(Saved entries)
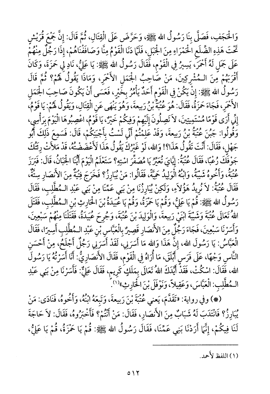 وماذا يقول لهم؟ ثم قال رسول الله صَلى الله عَليه وسَلم: إن يكن في القوم أحد يأمر بخير، فعسى أن يكون صاحب الجمل الأحمر، فجاء حمزة، فقال: هو عتبة بن ربيعة، وهو ينهى عن القتال، ويقول لهم: يا قوم، إني أرى قوما مستميتين، لا تصلون إليهم وفيكم خير، يا قوم، اعصبوها اليوم برأسي، وقولوا: جبن عُتبة بن ربيعة، وقد علمتم أني لست بأجبنكم، قال: فسمع ذلك أَبو جهل، فقال: أنت تقول هذا؟! والله، لو غيرك يقول هذا لأعضضته، قد ملأت رئتك جوفك رعبا، فقال عتبة: إياي تعير يا مصفر استه؟ ستعلم اليوم أينا الجبان، قال: فبرز عتبة، وأخوه شيبة، وابنه الوليد حمية، فقالوا: من يبارز؟ فخرج فتية من الأنصار ستة، فقال عتبة: لا نريد هؤلاء، ولكن يبارزنا من بني عمنا من بني عبد المطلب، فقال رسول الله صَلى الله عَليه وسَلم: قم يا علي، وقم يا حمزة، وقم يا عبيدة بن الحارث بن المطلب، فقتل الله تعالى عتبة وشيبة ابني ربيعة، والوليد بن عُتبة، وجرح عبيدة، فقتلنا منهم سبعين، وأسرنا سبعين، فجاء رجل من الأنصار قصير بالعباس بن عبد المطلب أسيرا، فقال العباس: يا رسول الله، إن هذا والله ما أسرني، لقد أسرني رجل أجلح، من أحسن الناس وجها، على فرس أبلق، ما أراه في القوم، فقال الأَنصاري: أنا أسرته يا رسول الله، فقال: اسكت، فقد أيدك الله تعالى بملك كريم، فقال علي: فأسرنا من بني عبد المطلب: العباس، وعقيلا، ونوفل بن الحارث» (¬١).
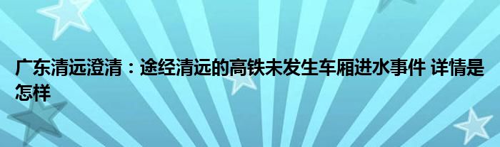 【广东清远澄清:途经清远的高铁未发生车厢进水事件】大家可以一起来了解一下这是什么情况!
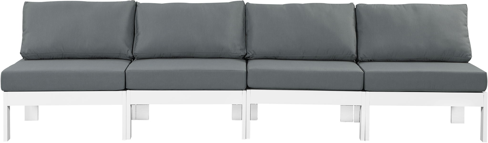 Nizuc - Outdoor Patio 4 Piece Armless Modular Sofa With White Frame - Gray
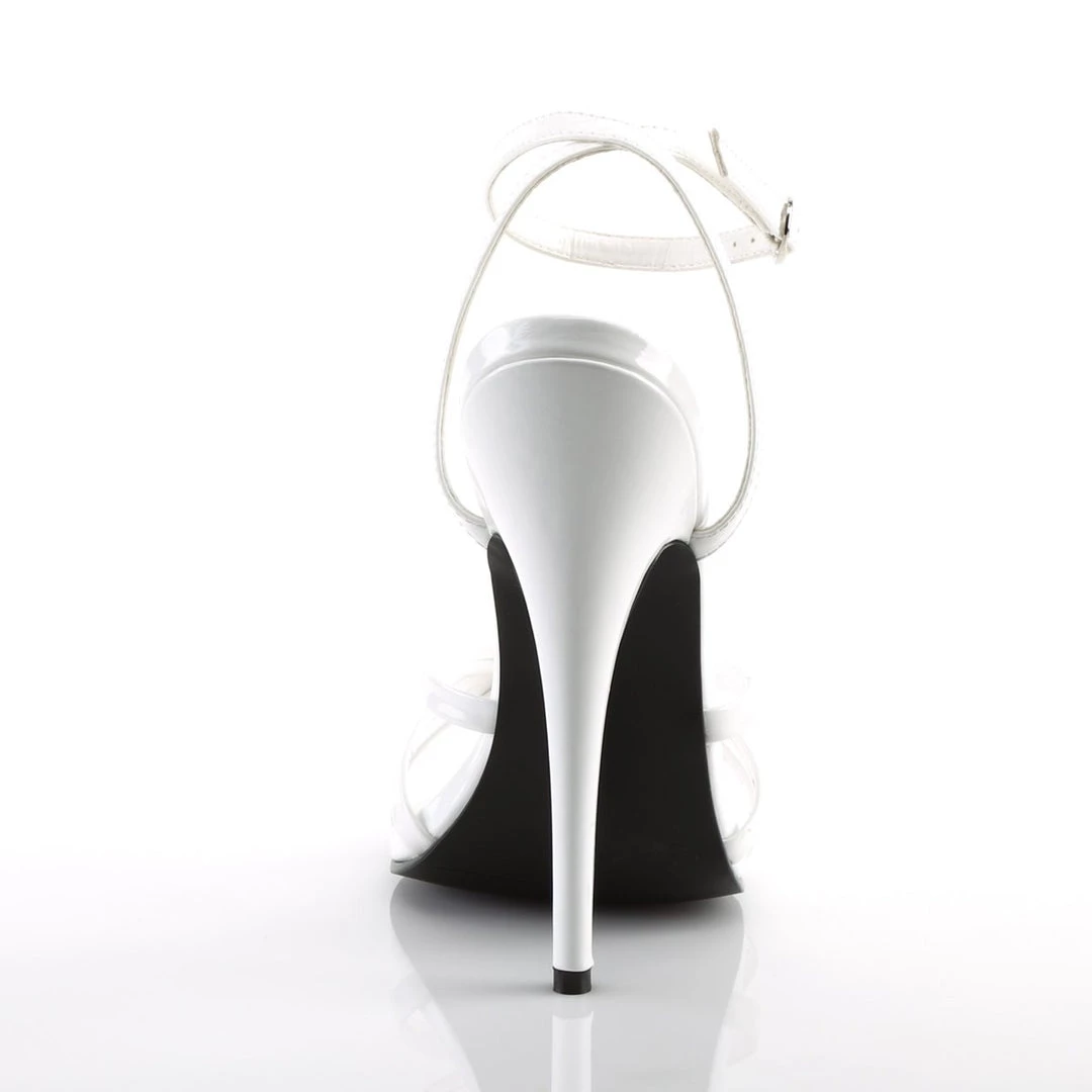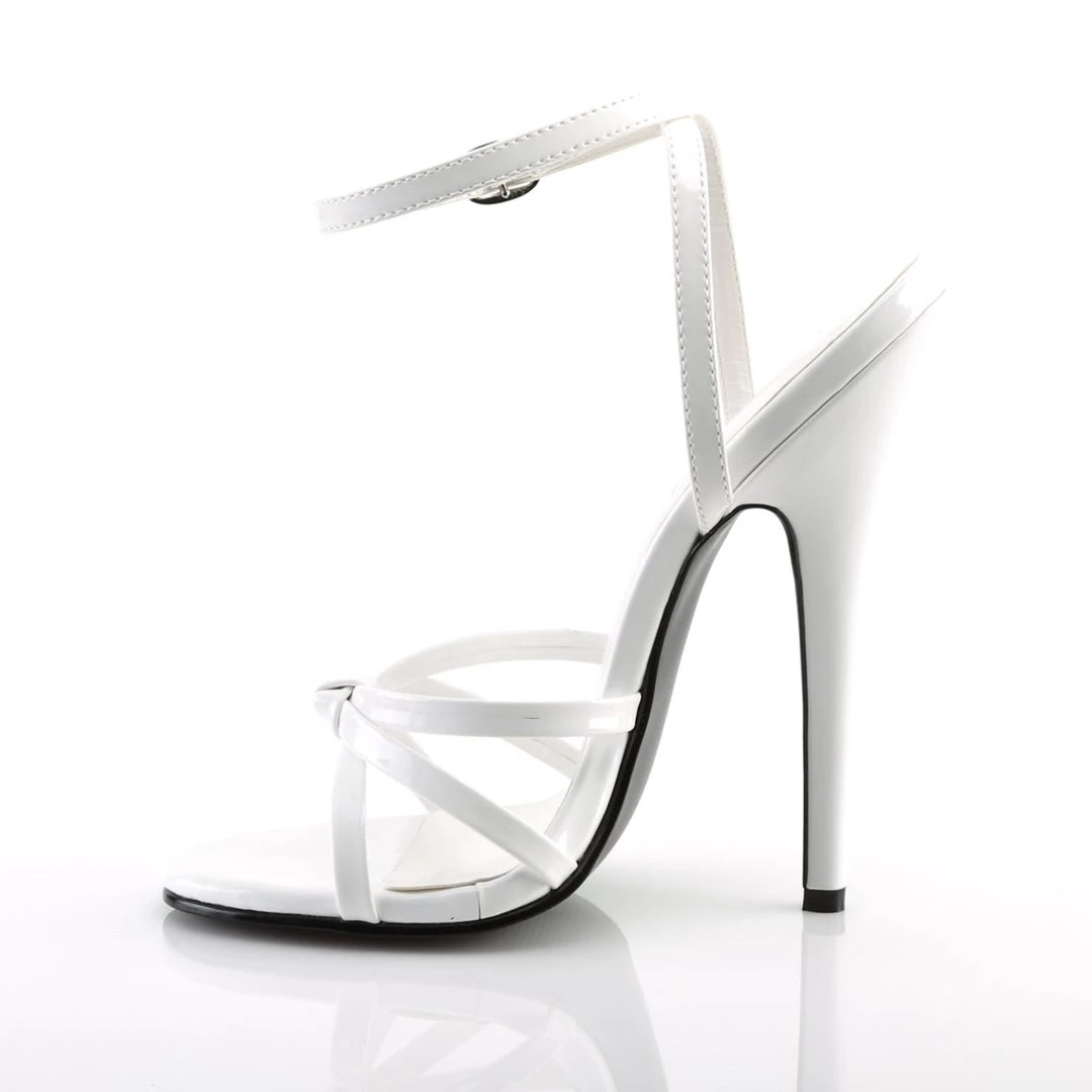 Feminine black patent sandals with three bounded straps with knot decoration in the middle and two side straps wrapped around the ankle and fastened with a metallic buckle on one side. The dazzling 6 inch (15 cm) stiletto heels complete this sexy look that turns heads.
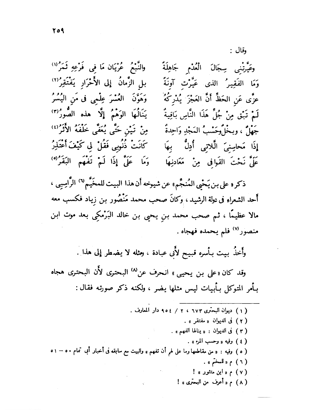 وقد كان علي بن يحيى انحرف عن (8) البحتري لأن البحتري هجاه بأمر المتوكل بأبيات ليس مثلها يضر، ولكنه ذكر صورته فقال:
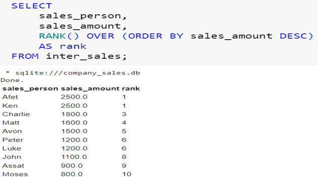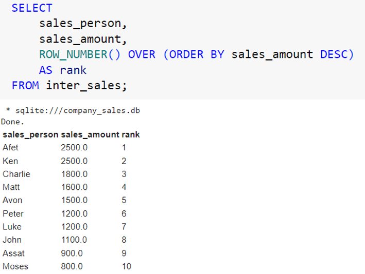 The ROW_NUMBER() function assigns a sequential number to each row based on the sales values. It will assign the person with the highest amount a rank of 1 and the next person a rank of 2, just like that. You can see the ranking in the rank column. Notice that Afet and Ken both achieved a sales amount of 2500 (which is a tie), and they have been given a rank of 1 and 2 even though the sales amount is equal. This is because of the behavior of the ROW_NUMBER function. This function will assign consecutive numbers, even if there are ties

AIM OF THE TASK |
An answer that restates all the entries exactly and drops the images is what is needed.

RESPONSE FOR THIS EXERCISE |
 وماذا يقول لهم؟ ثم قال رسول الله صَلى الله عَليه وسَلم: إن يكن في القوم أحد يأمر بخير، فعسى أن يكون صاحب الجمل الأحمر، فجاء حمزة، فقال: هو عتبة بن ربيعة، وهو ينهى عن القتال، ويقول لهم: يا قوم، إني أرى قوما مستميتين، لا تصلون إليهم وفيكم خير، يا قوم، اعصبوها اليوم برأسي، وقولوا: جبن عُتبة بن ربيعة، وقد علمتم أني لست بأجبنكم، قال: فسمع ذلك أَبو جهل، فقال: أنت تقول هذا؟! والله، لو غيرك يقول هذا لأعضضته، قد ملأت رئتك جوفك رعبا، فقال عتبة: إياي تعير يا مصفر استه؟ ستعلم اليوم أينا الجبان، قال: فبرز عتبة، وأخوه شيبة، وابنه الوليد حمية، فقالوا: من يبارز؟ فخرج فتية من الأنصار ستة، فقال عتبة: لا نريد هؤلاء، ولكن يبارزنا من بني عمنا من بني عبد المطلب، فقال رسول الله صَلى الله عَليه وسَلم: قم يا علي، وقم يا حمزة، وقم يا عبيدة بن الحارث بن المطلب، فقتل الله تعالى عتبة وشيبة ابني ربيعة، والوليد بن عُتبة، وجرح عبيدة، فقتلنا منهم سبعين، وأسرنا سبعين، فجاء رجل من الأنصار قصير بالعباس بن عبد المطلب أسيرا، فقال العباس: يا رسول الله، إن هذا والله ما أسرني، لقد أسرني رجل أجلح، من أحسن الناس وجها، على فرس أبلق، ما أراه في القوم، فقال الأَنصاري: أنا أسرته يا رسول الله، فقال: اسكت، فقد أيدك الله تعالى بملك كريم، فقال علي: فأسرنا من بني عبد المطلب: العباس، وعقيلا، ونوفل بن الحارث» (¬١).
 【广东清远澄清:途经清远的高铁未发生车厢进水事件】大家可以一起来了解一下这是什么情况!
 Nizuc - Outdoor Patio 4 Piece Armless Modular Sofa With White Frame - Gray
 Feminine black patent sandals with three bounded straps with knot decoration in the middle and two side straps wrapped around the ankle and fastened with a metallic buckle on one side. The dazzling 6 inch (15 cm) stiletto heels complete this sexy look that turns heads.
 وقد كان علي بن يحيى انحرف عن (8) البحتري لأن البحتري هجاه بأمر المتوكل بأبيات ليس مثلها يضر، ولكنه ذكر صورته فقال:
 The ROW_NUMBER() function assigns a sequential number to each row based on the sales values. It will assign the person with the highest amount a rank of 1 and the next person a rank of 2, just like that. You can see the ranking in the rank column. Notice that Afet and Ken both achieved a sales amount of 2500 (which is a tie), and they have been given a rank of 1 and 2 even though the sales amount is equal. This is because of the behavior of the ROW_NUMBER function. This function will assign consecutive numbers, even if there are ties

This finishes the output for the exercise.